The romance stuff was the worst :/ Why do western films always try to force a relationship whenever a female and male character get within five feet of each other? -_-

It's going to be a little awkward for all those scout/neophytes Dante sent away right before the battle. Coming back to you ravaged home world where all of your brothers got beat to hell, and you just walk around in your polished armor that doesn't have a scratch. Sitting in the back while all the survivors get their recognition for the battle, probably talking about it non stop for the next hundred years. And to top it off, since the Hall of Sarcophagi got destroyed, they were the last batch of normal marines that the Blood Angels can make.

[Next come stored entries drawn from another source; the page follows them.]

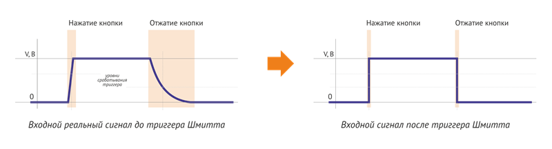 Также все пины в режиме INPUT имеют входную фильтрацию на триггере Шмитта (преобразовывают аналоговый сигнал в цифровой с резкими переходами между состояниями): |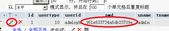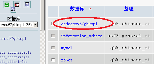 3、点击数据库,找到dede_admin这个表,点击打开,可以看到密码,不过这个密码是经过MD5加密的: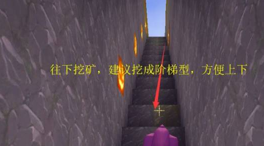 ②采用螺旋阶梯法向下推进,每下降五格构建平台并设置火把照明。这种立体作业结构既能保障安全移动,又可有效探查各层矿脉分布。
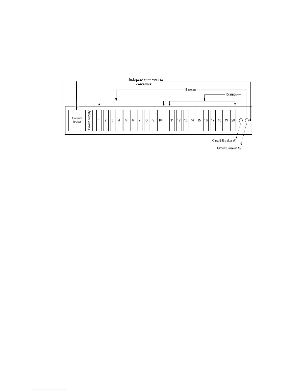 first circuit breaker controls outlets 11 through 20; the second controls outlets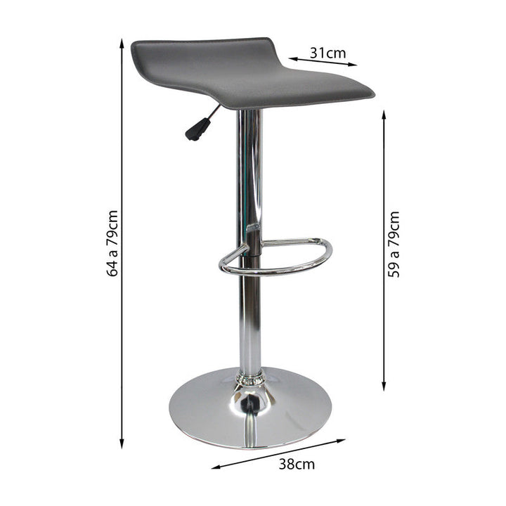 Nuestra Silla Silla Wave Bar, Tiene un toque elegante, moderno y lujoso. Su resistente base de acero cromado y su asiento revestido de eco cuero de primera calidad son garantía de comodidad y durabilidad. Esta silla se adapta a tus necesidades gracias a su regulación de altura y un cómodo soporte para los pies.

What were the exact numbers of surviving Blood Angels? I assume it should be a hundred or so? If that's the case it would be a better idea to just make the Chapter 100% Primaris and stick the remaining survivors in training roles. Or assign them to the new-found Chapters as liasons/trainers.

Dante says he expects the total number survivors to number less than 300. But almost every mortal left on Baal who can survive the process will become a Primaris Marine. That actually leaves the Blood Angels in a much better position than I originally thought. It means even the new Primaris Marines will at least be Baalites and know the Blood Angel customs. 

 

Would anyone who read Traitors Hate mind spoiling the end for me? I know the Angel's Blade side, but I'm not sure what all that business at the end was. Did it have anything to do with the Blood Angels?

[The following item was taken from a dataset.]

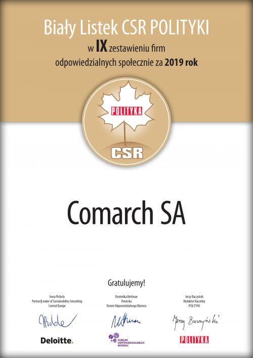 Oprócz tego Comarch świeci przykładem jako firma rzetelna i uczciwa względem pracowników, konkurencji, a także środowiska. Przejawem tego jest nagroda tygodnia Polityka – Biały Listek CSR, przyznawana we współpracy z Forum Odpowiedzialnego Biznesu oraz audytorem finansowym, firmą Deloitte.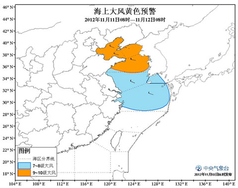 新农网讯 中央气象台11月11日18时继续发布海上大风黄色预警,预计11日20时至12日20时,受温带气旋和较强冷空气的共同影响,渤海海峡、黄海北部和中部海域将有9级、阵风10~11级的西北风,渤海、黄海南部海域将有7~8级、阵风9~10级的西北风。

And better than the 7th Black Crusade. It's apparently just the fourth worst losses that Dante himself has seen the Blood Angels suffer. Dude has seen some apocalyptic events for the chapter if an entire hive fleet invasion is just barely in the top five worst things Dante has seen

I think all of the Primaris Space Marines that Cawl provided to Guilliman for the Indomitus Crusade would have been post-Heresy Legion/chapter recruits diverted into the Primaris project.

 

There may have been more recruited and created after the Crusade began, but Dark Imperium seemed to me to imply that wasn't the case; instead, my impression was that Guilliman was just using the original Primaris in mixed-bloodline units until the time came to hive off the sons of Sanguinius or Russ or whoever en masse to reinforce existing chapters or found new ones.

And it was also a Guy Haley novel: Death of Integrity. Excellent entry, one of the best in the series. The Blood Drinkers were incredibly well handled with their dual-nature of artistic, noble sons of Sanguinius and monsters waiting to pounce. All contrasted by the Novamarines and their exemplary adherence to the Codex Astartes.